J'ai acquiescé et je suis partie avec mes anciens camarades de classe. Les membres de la famille d'une personne décédée ne voient pas les visiteurs à la porte lors d'une veillée funèbre.
Je ne suis pas superstitieuse et Winston et moi n'étions pas particulièrement proches. J'ai décidé que le chagrin d'Emily lui était monté à la tête. Cela, et le fait de vivre avec Winston, qui était d'origine chinoise et suivait les vieilles coutumes sans se poser de questions.
Ne mettez pas votre sac à main par terre, nous disait Emily, Winston dit que cela porte malheur pour les affaires. N'utilisez pas le chiffre "quatre" dans votre mot de passe, cela signifie la mort ! Vous vous faites faire une manucure ce soir ? Mais si vous vous coupez les ongles à la tombée de la nuit, vous attirerez à vous les esprits errants !
"Vous n'avez pas à obéir à ces pamahiin-vous n'êtes pas chinois !", disions-nous à Emily.
"Ce n'est pas grave", répliquait-elle. "Vous ne perdrez rien à les suivre !"
Il était tard et j'ai pensé qu'il serait dangereux de prendre un taxi, alors j'ai pris un jeepney pour rentrer chez moi. Une faible lumière jaune éclairait à peine les visages des quelques autres passagers et ne parvenait pas à percer une ombre épaisse à l'extrémité de la jeep derrière le conducteur.
Quand je suis descendue à mon arrêt, j'ai senti un mouvement derrière moi. Je me suis retourné. Personne d'autre n'était descendu. Je n'ai pas vu de chats ou d'autres animaux errants que j'aurais pu percevoir du coin de l'œil.

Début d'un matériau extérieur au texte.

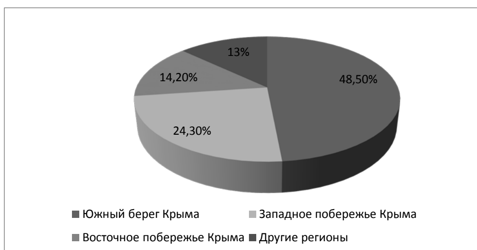
Рис. 2 – Распределение туристов по регионам Крыма с начала 2019 года

Также необходимо отметить наличие проблемы неравномерной загрузки туристско-рекреационного комплекса полуострова, что отражается в высокой загрузке размещения на Южном и Западном побережье Крыма и, соответственно, низкой загрузке других регионов. Статистика на 2019 год следующая - больше всего туристов с начала года отдохнуло на Южном берегу Крыма – 48,5% от общего количества туристов, отдохнувших с начала года в Крыму в целом, на Западном побережье Крыма – 24,3%; на Восточном побережье Крыма – 14,2%; в других регионах (г. Симферополь, Симферопольский и Бахчисарайский районы) – 13% [12]. Для более наглядного представления информации данные по распределению туристов по регионам Крыма с начала 2019 года показаны на диаграмме (рис. 2).

Je ne me suis pas sentie seule.
Il y avait un McDonald's près de notre appartement. Il était très éclairé et de nombreuses personnes faisaient la queue à l'intérieur, attendant des hamburgers, du poulet au riz et des cornets de glace. L'agent de sécurité m'a ouvert la porte vitrée.

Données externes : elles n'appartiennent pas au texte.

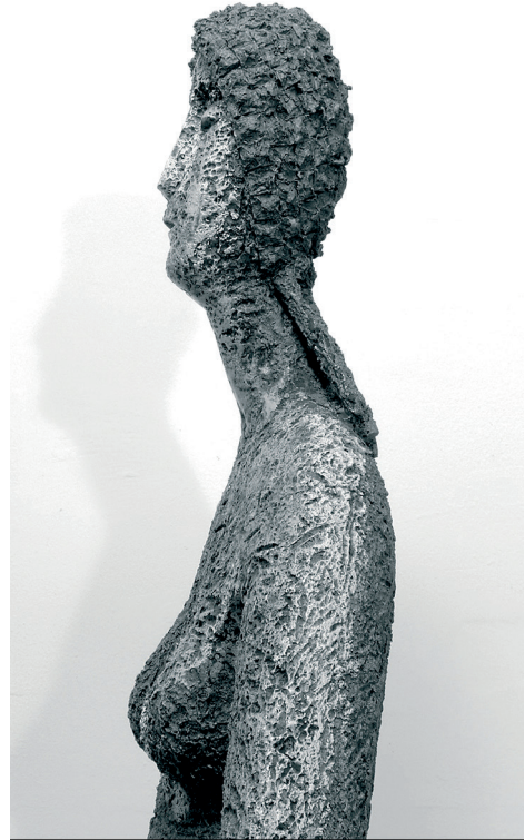
Imagen 9: A. M. Morro, Aries o Luna de Abril , 2011. Aluminio.

La seule table libre se trouvait juste sous les escaliers. Les lampes fluorescentes, qui brillent partout ailleurs dans le magasin, ne parviennent pas à dissiper une ombre épaisse accroupie dans un coin.
Je peux à peine mâcher mes nuggets de poulet et je repousse le Coca-Cola aqueux. Je n'avais pas besoin d'une boisson froide, pas quand j'avais l'impression que quelqu'un faisait courir un glaçon le long de ma colonne vertébrale. Je ne suis pas superstitieuse, me répétai-je, mais j'avais faim après tout. Peut-être qu'Emily avait raison, que j'avais besoin d'une collation. Je me suis souvenue que je n'avais rien mangé à la veillée, ni les Skyflakes, ni le jus de pomme en tétra pack.
Peut-être étais-je aussi en deuil, partageant le chagrin de mon ami, regrettant la perte de quelqu'un de ma génération, sentant ma propre mortalité alors que la mort emportait un à un mes proches et les miens, son arrivée étant aussi inévitable que la vie et son cortège de plaisirs et de malheurs. Les superstitions font partie de nos faibles tentatives pour manipuler la vie à notre avantage, mais on ne peut repousser l'inévitable que pendant un certain temps. Je me suis levé et me suis épousseté, mes mains balayant la poussière invisible de mes cheveux, de mes vêtements et de ma peau. Je l'ai fait deux fois, trois fois, chaque fois avec plus de force que la précédente.
Je me suis forcée à ne pas me dépêcher de sortir. Une fois dehors, je me suis retournée et j'ai regardé à travers les vitres.
A la table que je venais de quitter, il y avait une lueur d'herbe verte.